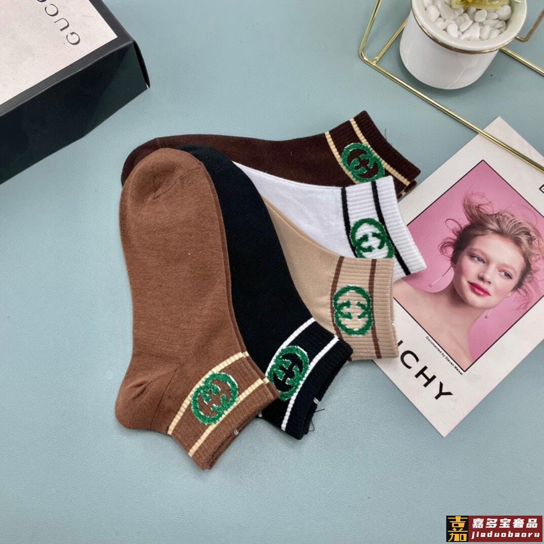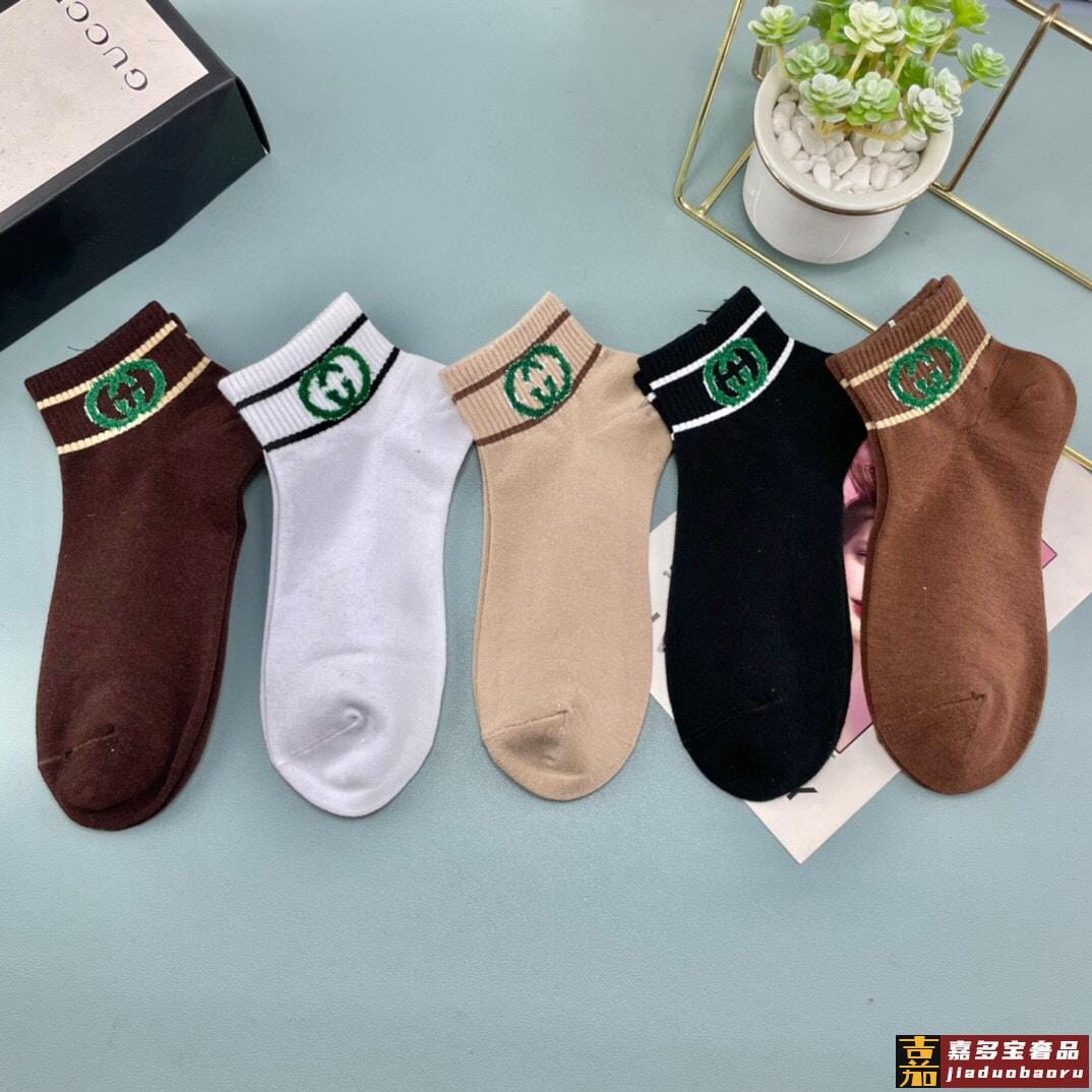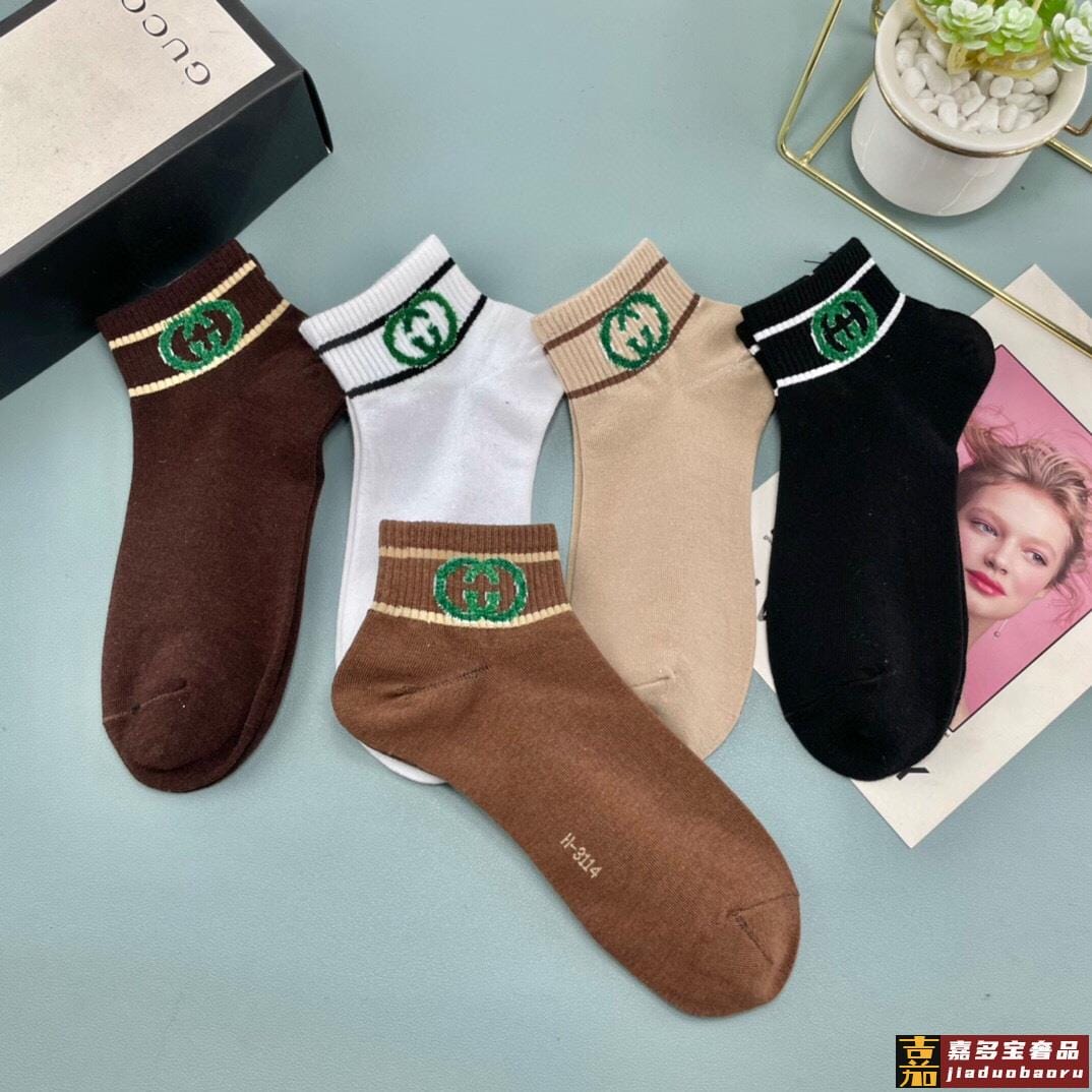 配送包装一盒五双古奇烫印专柜新款男女款高筒袜子专柜同步上新超
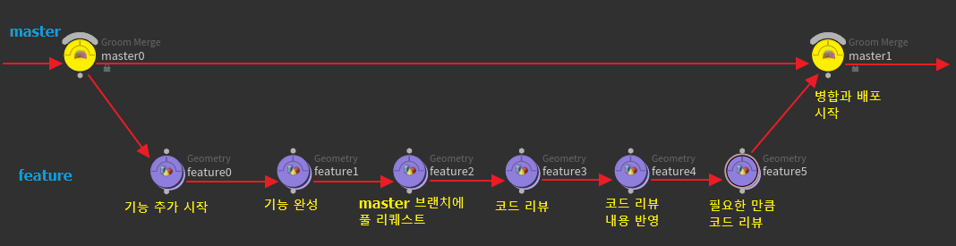 - 기능이 완성되면 master 브랜치에 풀 리퀘스트
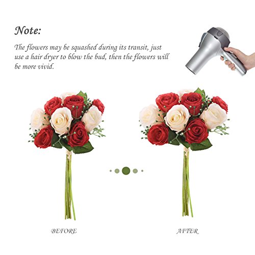 ★HIGH QUALITY MATERIAL: Made of high quality silk, designed by the best craftsman. This flower bouquet is made of real-looking flowers with bright color, non-toxic and harmless, no color fading and no flower dropping off, more durable, easy to clean.
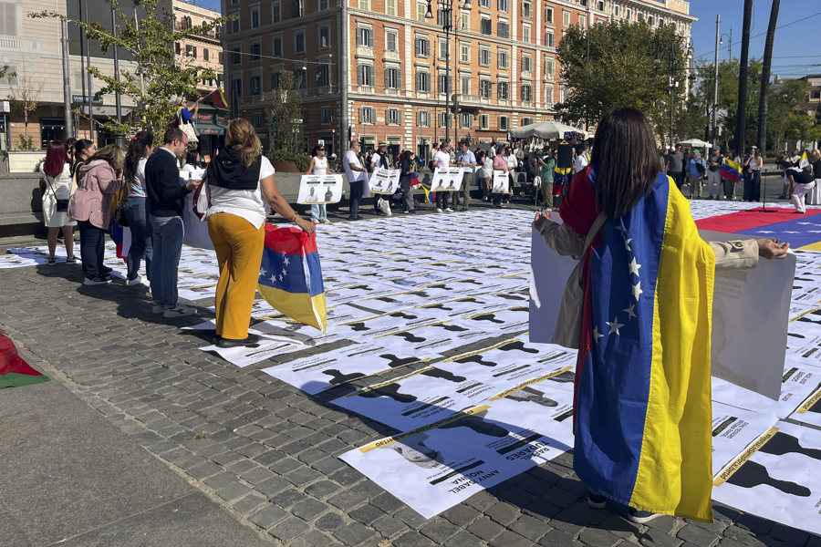 Decenas de venezolanos se congregaron este sábado en las calles de Roma, cerca del Vaticano, para exigir la liberación de los presos políticos en su país, en la víspera de la canonización de los dos primeros santos venezolanos: el médico José Gregorio Hernández y la religiosa Carmen Rendiles.
◆ ◆ ◆ ◆ ◆
■ **Instructions for the task**: Once the pictures are set aside, transcribe the remaining lines above exactly.

■ **Answer below**:
 配送包装一盒五双古奇烫印专柜新款男女款高筒袜子专柜同步上新超
 - 기능이 완성되면 master 브랜치에 풀 리퀘스트
 ★HIGH QUALITY MATERIAL: Made of high quality silk, designed by the best craftsman. This flower bouquet is made of real-looking flowers with bright color, non-toxic and harmless, no color fading and no flower dropping off, more durable, easy to clean.
 Decenas de venezolanos se congregaron este sábado en las calles de Roma, cerca del Vaticano, para exigir la liberación de los presos políticos en su país, en la víspera de la canonización de los dos primeros santos venezolanos: el médico José Gregorio Hernández y la religiosa Carmen Rendiles.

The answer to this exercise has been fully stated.